How to Managing Risks

 
 

Methods of Risk Management

There are four methods to manage risk: Avoid Risk, Control Risk, Transfer Risk, or Retain Risk.

Avoiding risk. This may seem simplistic, but it certainly is the best way to deal wit risk. You don't cross the street against the light, you don't drive in a blizzard, you don't build your house on the river's edge, and you don't let your kids play with matches.

Controlled risk. This requires a bit more work. You must take measures to reduce the possibility of loss. If you do drive in a blizzard, you have a four wheel drive vehicle, four good snow tires, and air bags to protect you. Having smoke and heat detectors in your home to alert you of a fire and give your family enough time to get to safety is another example of controlling risk.
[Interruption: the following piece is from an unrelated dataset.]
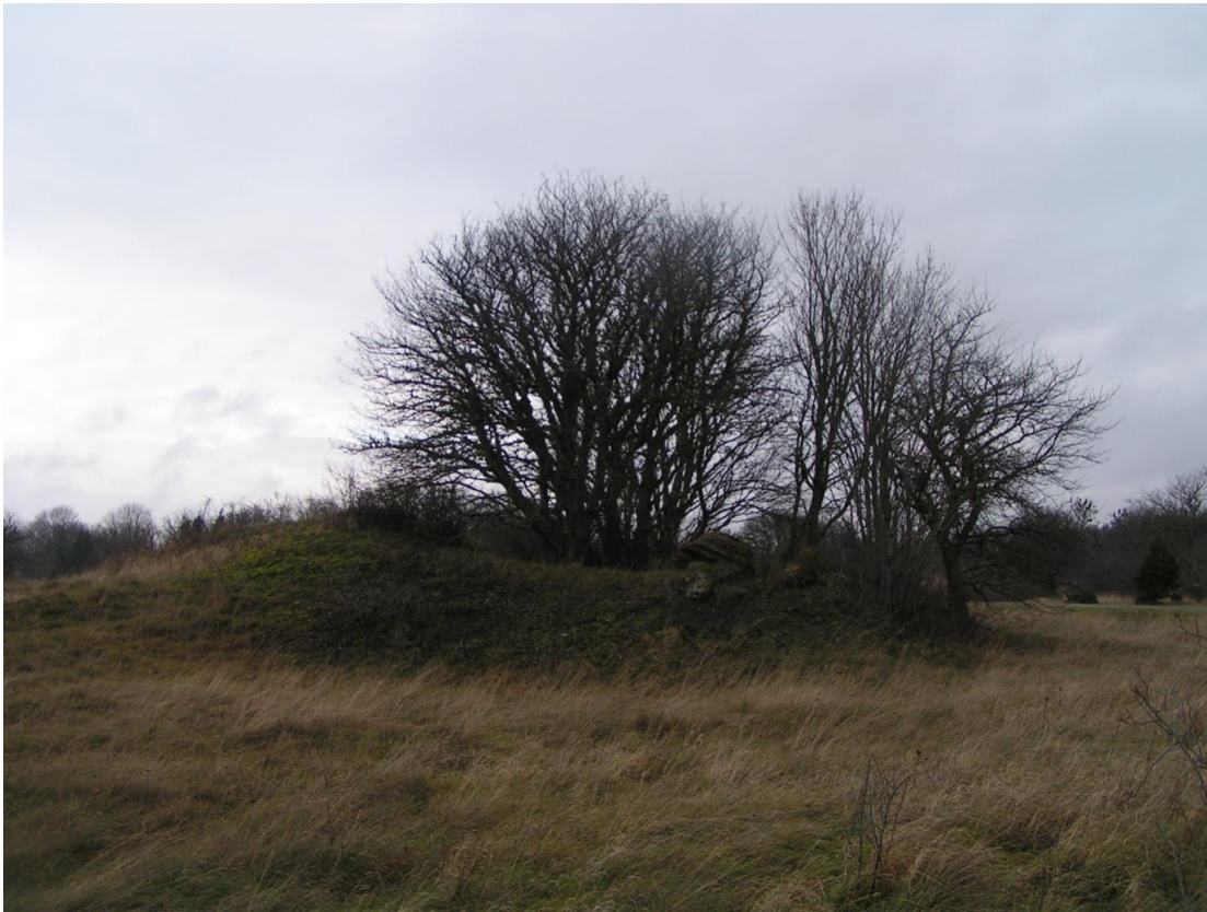
Foto nr 21: Sääre 305 mm suurtükipatarei juhtimispunkt, vaade idast.

Transferring risk. This is what you do when you purchase insurance; you allow the insurance company to assume the financial liability of a loss that you cannot afford on your own. The loss of your home could financially devastate you, so you transfer that financial risk by paying the insurance company a fee (the premium) to assume the risk for you.

Retaining risk. This is accepting responsibility for some or all of the risk. Most common is the use of deductibles. By using deductibles, you agree to self-insure the small claims. Co-insurance and elimination periods are also ways to retain risk. There are instances in which we choose to self-insure. For example, if you have six months' worth of living expenses set aside, you may choose to purchase only long-term disability insurance because you have enough in assets to cover a short-term disability.

Insurance can be a complicated product to purchase because you are entering into a contract with an insurance company that only wants to pay out on a claim under certain circumstances. To properly protect yourself and all that you love, you need to learn to read the fine print of those contacts.